(Stored records)
__________________________________________________

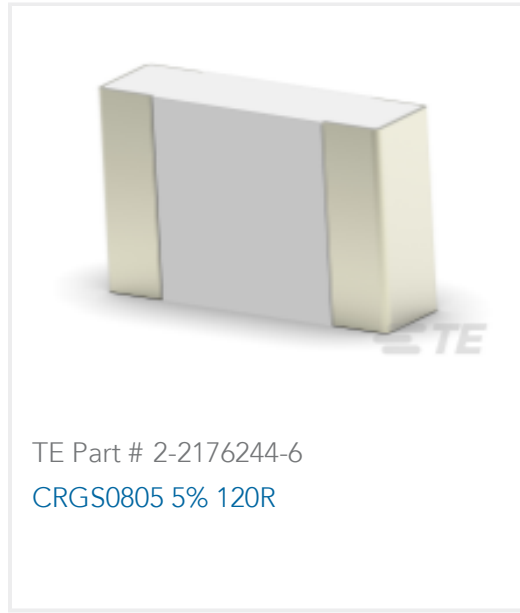
TE Part # 2-2176244-6 CRGS0805 5% 120R
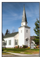
Town Hall Meeting President, Treasurer, Trust, Ministerial, Education, Youth, Communication Sunday 2:30 pm
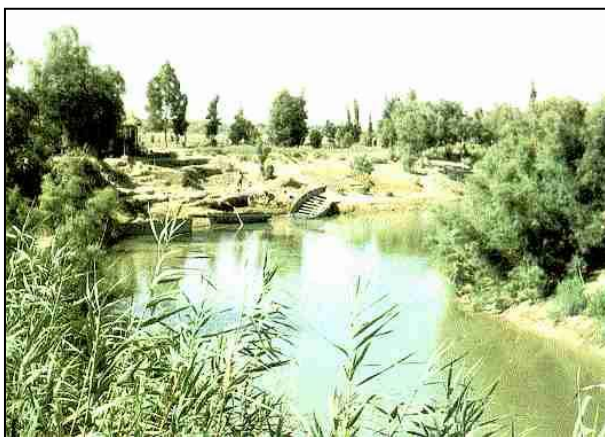
Traditional site for the baptism of Jesus Christ
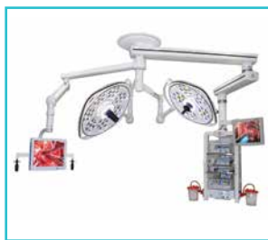
Single Central Mount Light, Monitor, Equipment & Services Pendants
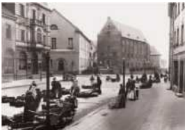
Market with sales hall and Zeughaus, about 1910
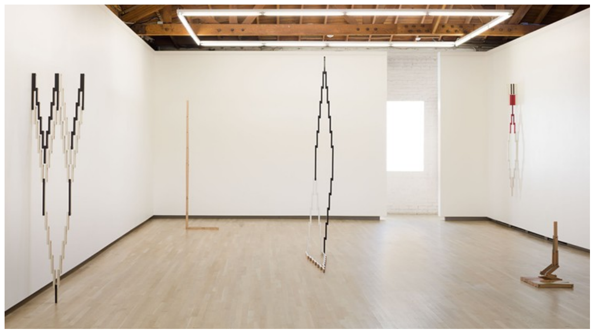
Reuven Israel, In Four Acts , installation view

Aside from becoming incrementally more elaborate with each act, and the illusions and surprises of each one's color story becoming more manifest, the movements of the ones creates an entirely new installation landscape across the gallery, as the overlapping sightlines and other visual and physical intersections unfold (pardon the pun) into a fresh choreography. The scale of these works is keyed to the human body, so that not only due to the look of an old-school toy but also because of the scale, mimicking or modifying their movements is easy to imagine.
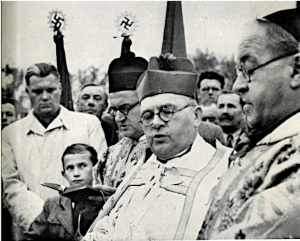
Blessing the Swastika flags.
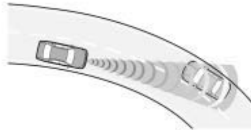
Opposing traffic vehicle during cornering
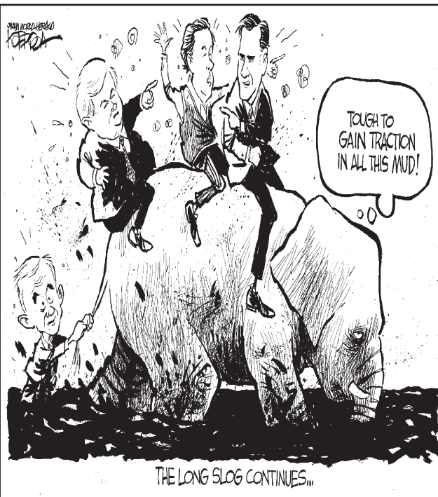
THE LONG SLOG CONTINUES...
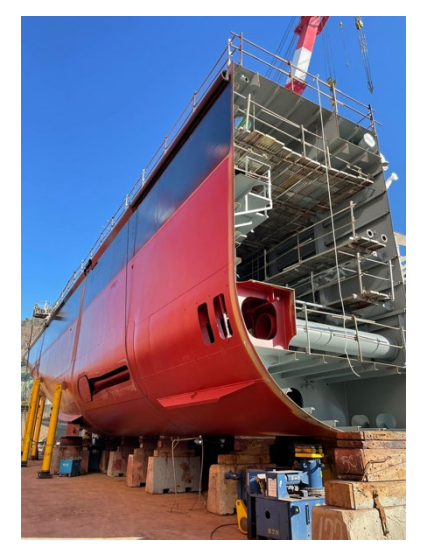
The Manxman construction

A review of financial reporting has commenced and there is a proposal to replace the separate Light Blue Book and Dark Blue Book with a single Annual Report for Government. The format of the Annual Report is the subject of ongoing discussions with key stakeholders. It is also intended that a review of the budgeting process will be undertaken during 2022-23.
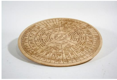
Nim Batchelor – 8” Maple Ancestry Platter
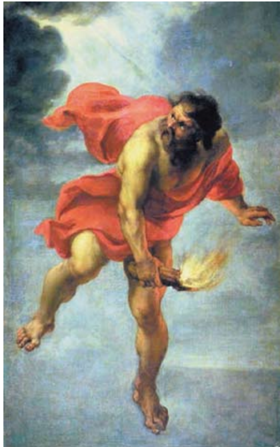
Nations destroy themselves by failing to heed the Promethean principle of scientific discovery, subjecting themselves instead to the evil of the Olympian Zeus: The gods forbid human creativity! Shown, Prometheus, a painting by 17th-Century Flemish painter Jan Cossiers.

Thus, when our subject of discussion has shifted from the abiotic and animal domains, where there is neither guilt nor innocence, to the domain of the Noösphere, science and morality appear in their essential parts as differing facets of the same subject-matter. That

__________________________________________________

TO DO:
The copy should hold only the lines from the one with "Single Central Mount" through the one with "The Manxman construction", exactly as they stand above. Leave out the pictures.

SOLVED EXERCISE:
Single Central Mount Light, Monitor, Equipment & Services Pendants
Market with sales hall and Zeughaus, about 1910
Reuven Israel, In Four Acts , installation view

Aside from becoming incrementally more elaborate with each act, and the illusions and surprises of each one's color story becoming more manifest, the movements of the ones creates an entirely new installation landscape across the gallery, as the overlapping sightlines and other visual and physical intersections unfold (pardon the pun) into a fresh choreography. The scale of these works is keyed to the human body, so that not only due to the look of an old-school toy but also because of the scale, mimicking or modifying their movements is easy to imagine.
Blessing the Swastika flags.
Opposing traffic vehicle during cornering
THE LONG SLOG CONTINUES...
The Manxman construction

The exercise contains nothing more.